Она льнула к нему как безумная, но он был гораздо сильнее ее, и эта отвратительная борьба фактически закончилась, едва начавшись. Он почувствовал, как она обмякла в его руках, осела и зарыдала. Он поднял ее на руки, перенес на диван, подложил ей под голову подушку. Она отвернулась от него и, издавая отвратительные звуки, давясь слезами, хватая ртом воздух, продолжала плакать. Он пододвинул к дивану стул и сел, глядя на нее, — ждал, когда закончится истерика. Наконец она, обессилев, затихла и дышала с трудом, глубоко. Глаза она не открывала. Выглядела она, как человек, переживший тяжелый припадок. Казалось, она только что вышла из комы и медленно приходит в себя.

Он взял ее руку.

— Сильвия.

Рука ее была как неживая.

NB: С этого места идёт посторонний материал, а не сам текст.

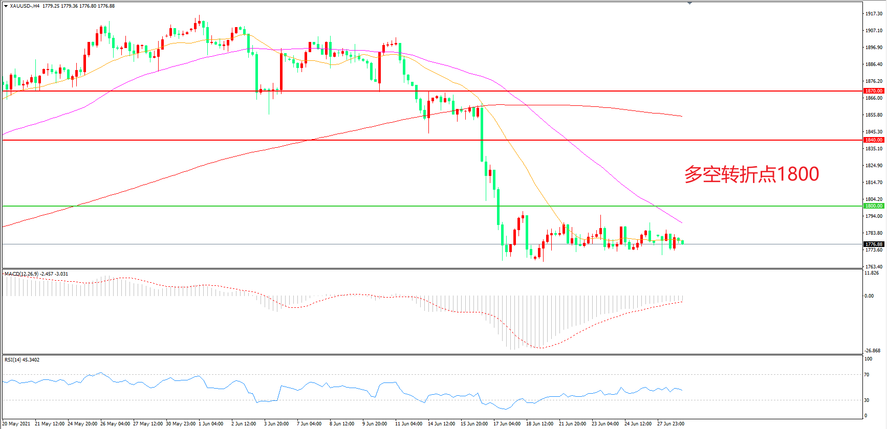 交易策略:在1800.00之下看跌,目标1760.00       1730.00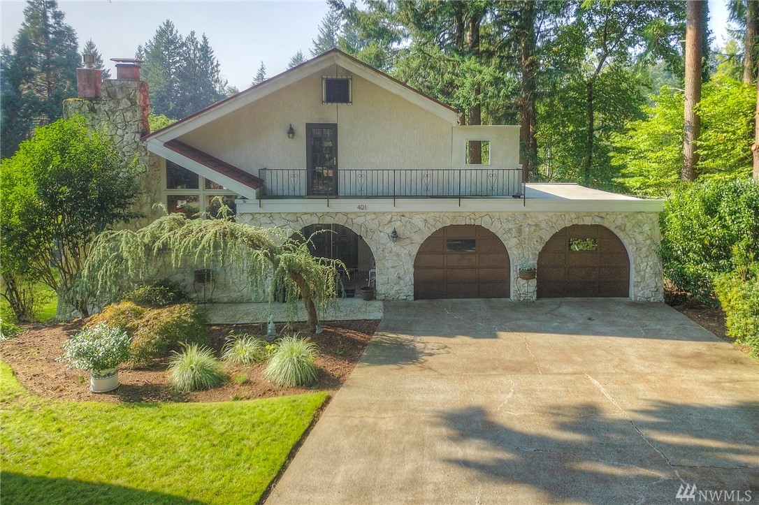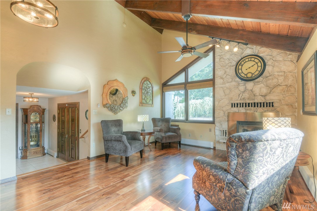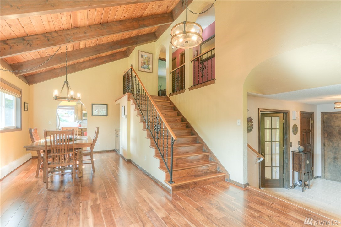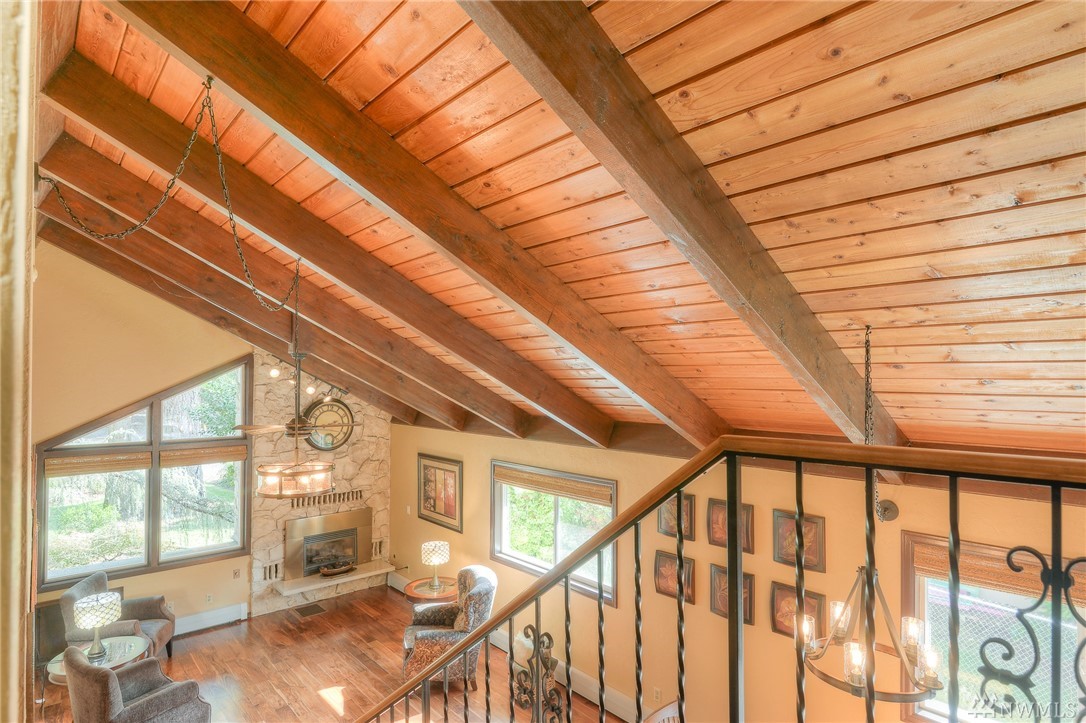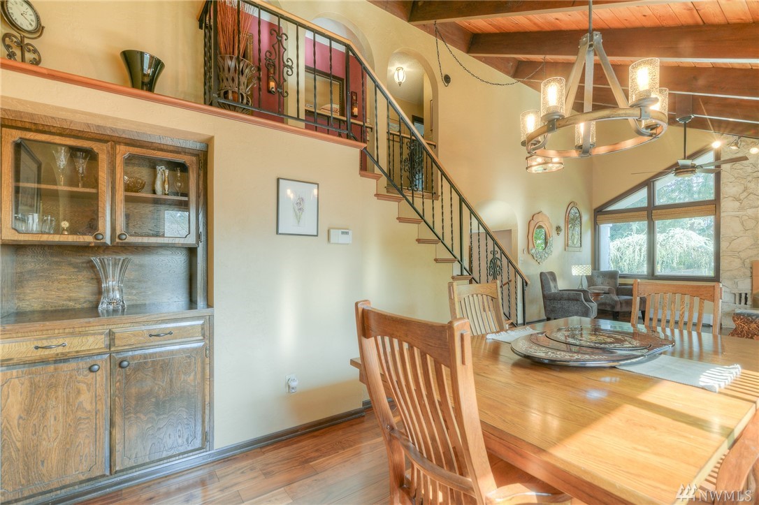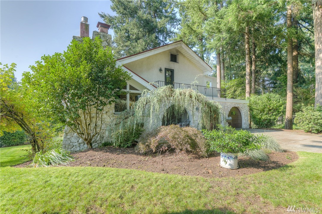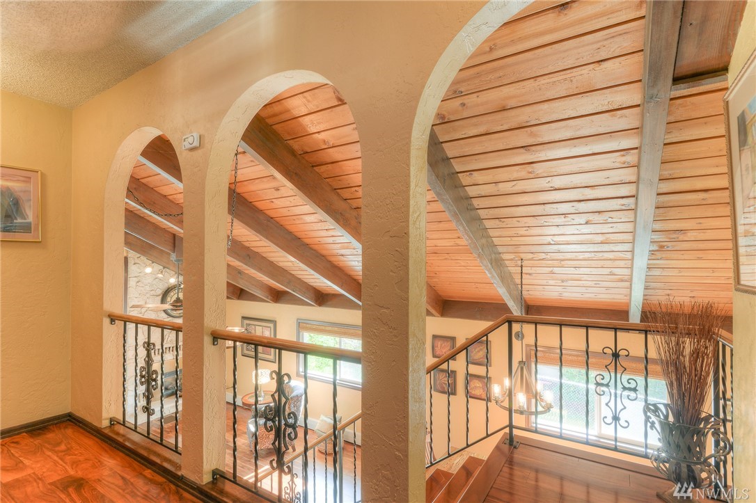 Tons of character in this Spanish Contemporary home. Wood accents include exposed beams & ceiling, wrapped windows, flooring, panel doors & an elegant staircase w/wrought iron. Interior features: solarium (+335 heated sq feet), double oven, stone gas fireplace, pendant lighting, french doors, laundry chute, ceiling fans, wet bar in daylight basement. Private lot w/back deck, sprinkler system, RV parking, 2 tiered backyard w/greenspace behind & access to the Chehalis Western Trail.
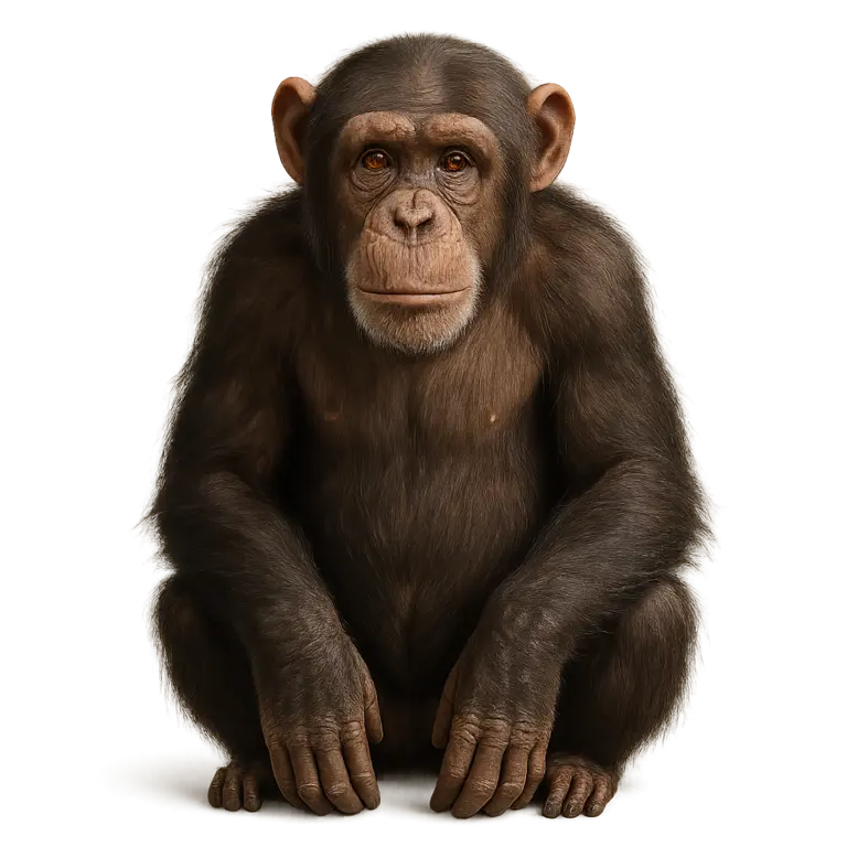 Der Schimpanse ist ein hochintelligentes Säugetier, das in den Wäldern und Savannen Afrikas lebt. Er ist bekannt für seine sozialen Fähigkeiten und seine enge genetische Verwandtschaft zum Menschen. Schimpansen haben ein dichtes, dunkelbraunes bis schwarzes Fell und lange Arme, die ihnen helfen, sich geschickt durch die Bäume zu bewegen.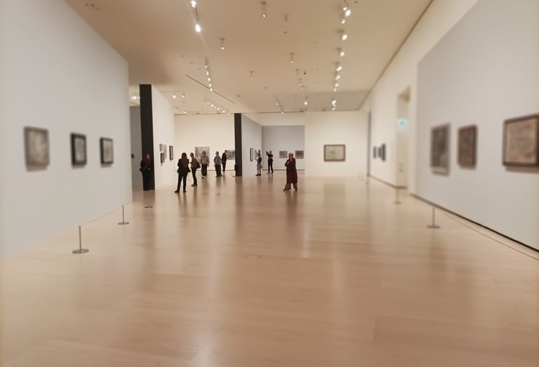 Museums exist to display art and artefacts, so of course, we also had to go inside. However, the museum concentrates on displaying modern art from the mid-twentieth century , which is not so much to my taste. How would I find it? We stepped inside, and immediately I felt that the the inner building was as much part of the experience. It consists of three walkways which skirt the central atrium. There is so much light and space, it takes your breath away.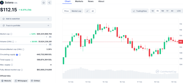 CoinMarketCap data indicates that the Solana token increased 1.71 percent in the twenty-four hours before 10:25 am CET, reaching $112.25. SOL ranks fifth in market capitalization, having momentarily surpassed the BNB token on Binance on February 13.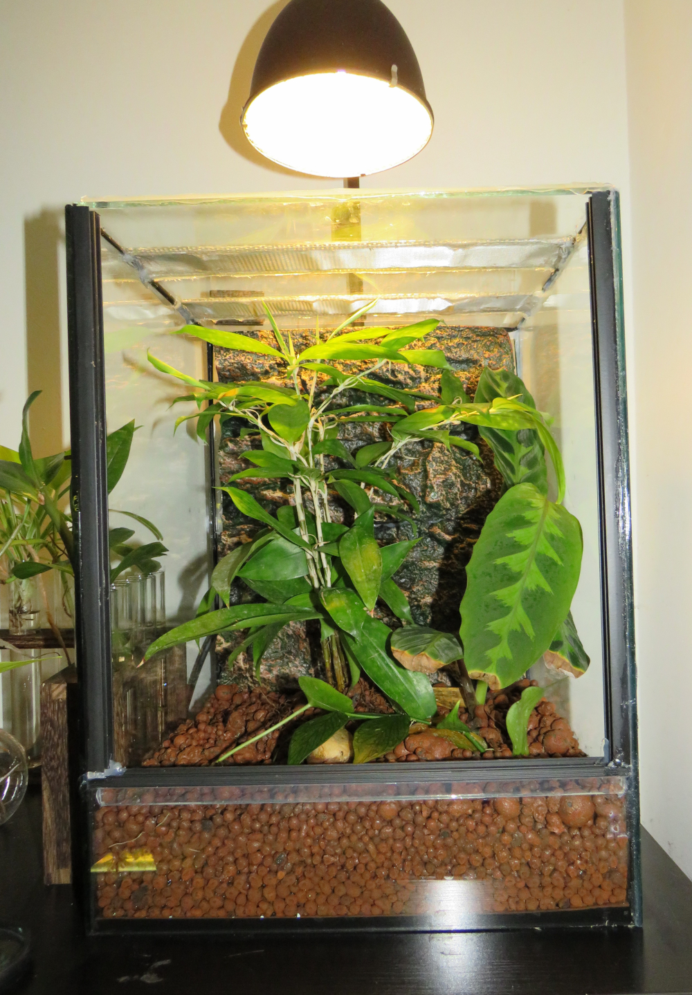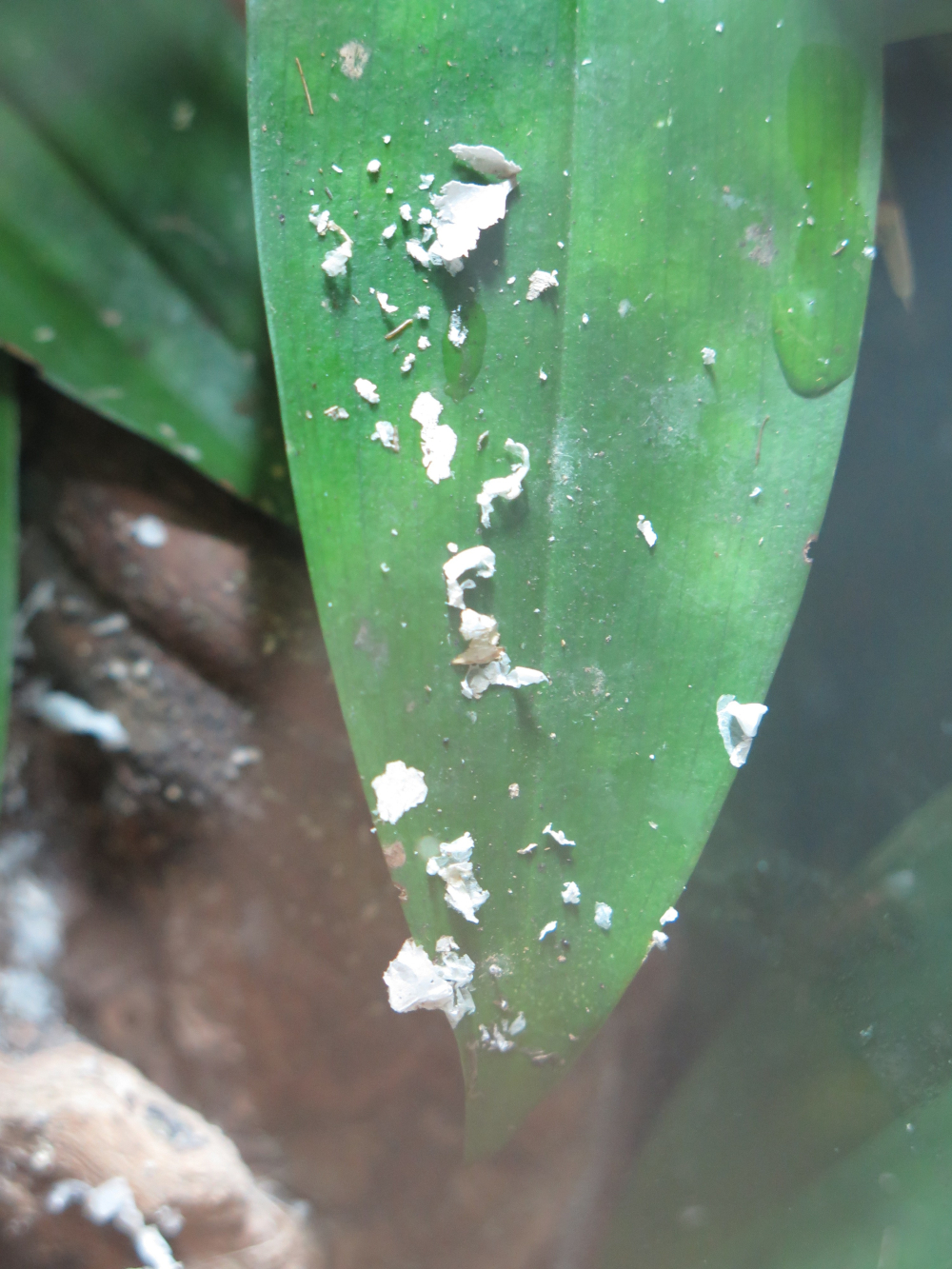 So bleiben bei mir beispielsweise die vertrockneten Blätter des Bambus-Drachenbaums (Dracaena surculosa) oft als etwa faustgrosse Nester zurück. Diese Überbleibsel muss ich regelmässig entfernen, um Platz für neues Pflanzenwachstum zu schaffen und das Terrarium ansehnlich zu halten.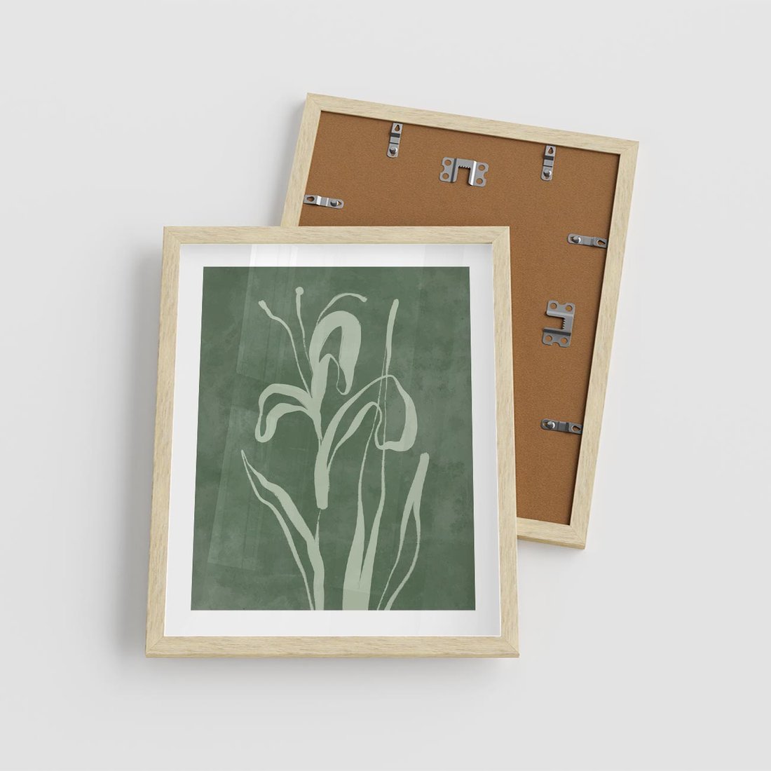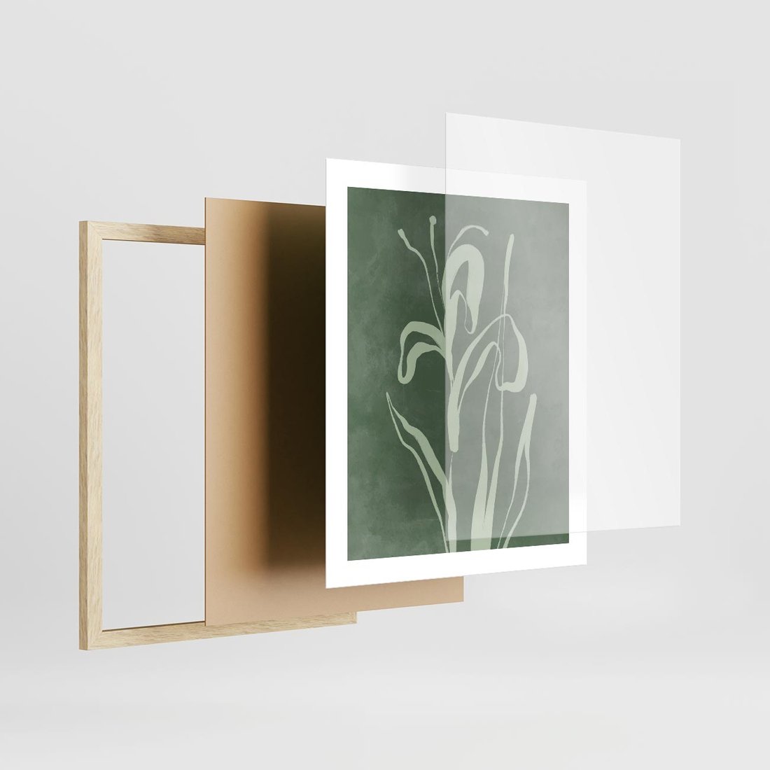 Oto zgaszona zieleń abstrakcyjnej kompozycji, idealnie wpasowująca się w estetykę skandynawskiego designu. Ten minimalistyczny plakat wniesie spokój i naturalny urok do Twojego wnętrza, tworząc harmonijną atmosferę.

Сама она как будто и не слышала его.

— Сильвия. Ты должна показаться врачу. Кто твой врач?

Она сделала глубокий вдох, повернула к нему опухшее от слез лицо, но глаз так и не открыла.

— Я позвоню ему. Как его зовут?

— Доктор Уильямс, — прошептала она.

Он выпустил ее руку, прошел в прихожую, где стоял телефон. В ее записной книжке нашел нужный номер, записанный ее аккуратным почерком. Позвонил, молясь про себя, чтобы врач оказался на месте.

Его молитвы были услышаны: врач сам ответил на звонок. Алек четко и ясно объяснил, что произошло. Врач выслушал его и спросил:

— Что она сейчас делает?

— Лежит. Успокоилась. Но мне кажется, она серьезно больна.

— Да, — согласился с ним врач и продолжил: — Я боялся чего-то подобного. С тех пор как умер ее муж, я периодически навещал ее. Она находилась в состоянии тяжелейшего стресса. Любой пустяк мог привести к нервному срыву.